Target is somewhere in the middle, typically sporting a 7% to 8% operating margin. It has a more discretionary product mix than Walmart, but not as discretionary as companies like Williams-Sonoma or RH.

Target's margins fell off a cliff in 2022. The company was ill-prepared for high inflation. Its costs went up, and initially, it was unable to offset those costs because consumers were being selective. Target had to issue discounts to move inventory. It was a sloppy execution, and the stock suffered accordingly.

Meet the Unstoppable Dividend King That's Up Over 55% in Just 4 Months | The Motley Fool (2)

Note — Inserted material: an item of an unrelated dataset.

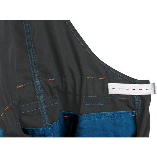 Pánske montérkové nohavice s náprsenkou, náprsné vrecko s chlopňou, pás s pútkami na opasok, v zadnej časti guma s gombíkom na prispôsobenie veľkosti, predné klinové vrecká, multifunkčné vrecká na oboch stranách, kolená zosilnená materiálom 600D polyester s možnosťou vloženia kolenných výsev vystužená materiálom 600D polyester, traky s gumou vzadu, reflexné doplnky. Odporúčané použitie: stavebníctvo, strojárstvo, ľahký priemysel, automobilový priemysel, logistika, skladová manipulácia, špedícia, autoservisy, údržba, montáže, poľnohospodárstvo, záhrada, hobby. Vrchný materiál: 65% polyester 35% bavlna Reflexné doplnky: Áno OEKO-TEX® STANDARD 100: Áno Veľkosť: 46-64
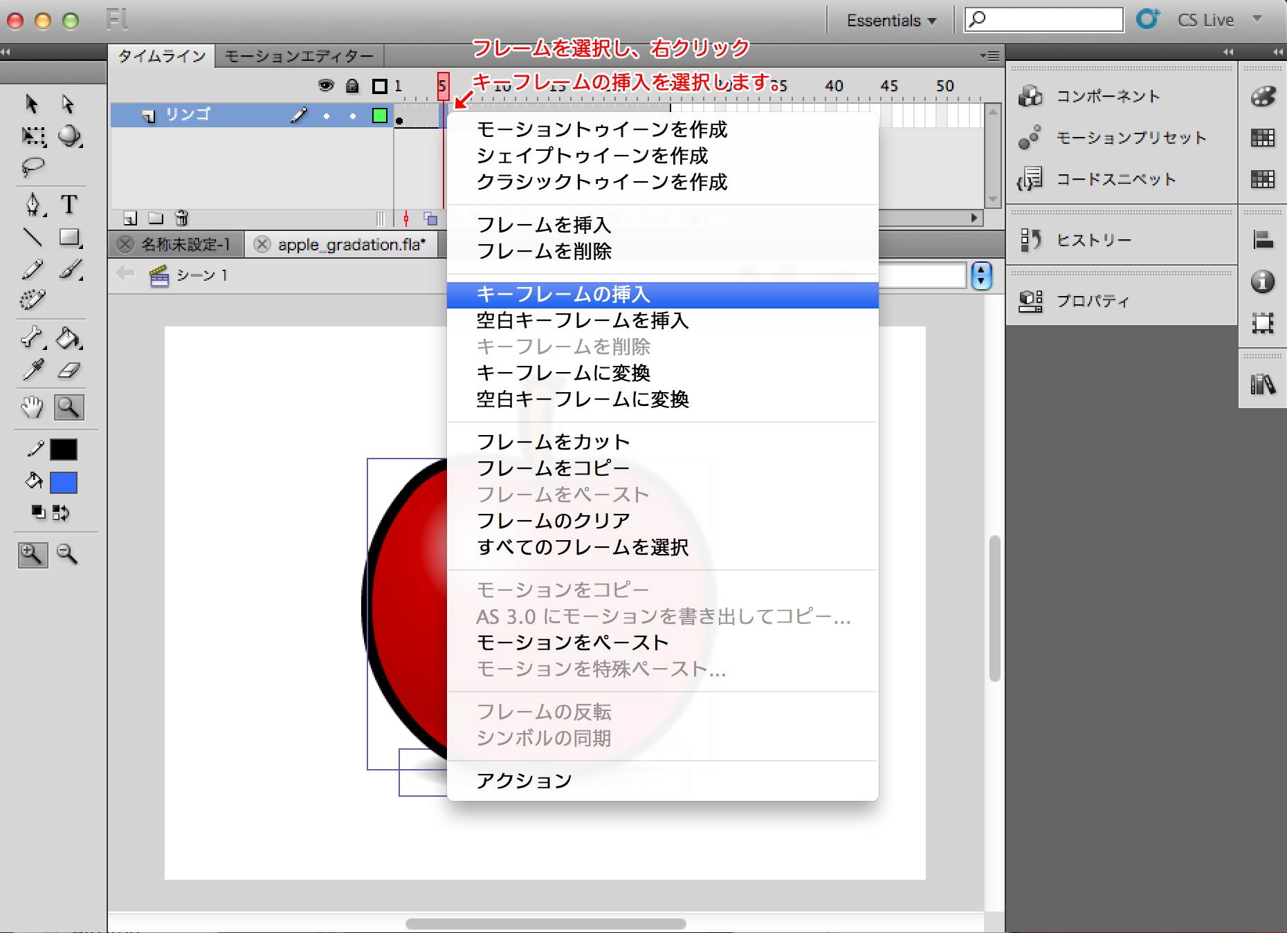 ぱらぱらマンガで言うページのことをAnimateではキーフレームと言います。

TGT Operating Margin (Quarterly) data by YCharts. EPS = earnings per share.

As you can see in the chart, Target's margins and earnings began improving in late 2022. But since Target had a long way to go to reach pre-pandemic profitability, as well as brand concerns, the market wasn't too optimistic about the stock.

Like Bud Light's parent company, Anheuser-Busch InBev, Target got caught up in social media backlash last spring and summer. Many challenges compounded at once. Impatient investors dumped the stock. Those who believed in the long-term investment thesis and held on were handsomely rewarded.

Target's turnaround

The retailer's improving fundamentals drove a change in sentiment that ensured the stock's turnaround. It booked $2.98 in Q4 2023 earnings per share (EPS) -- 57.6% higher than Q4 2022 and above the forecasted range of $1.90 to $2.60.

Operating margins came in at 5.3% for the quarter, two percentage points higher than the same quarter last year. Just that small difference was enough to boost Target's operating income by nearly $2 billion.

Target improved its margins and lowered its inventory in Q3. That's when the turnaround began. Q4 proved that the turnaround was the real deal.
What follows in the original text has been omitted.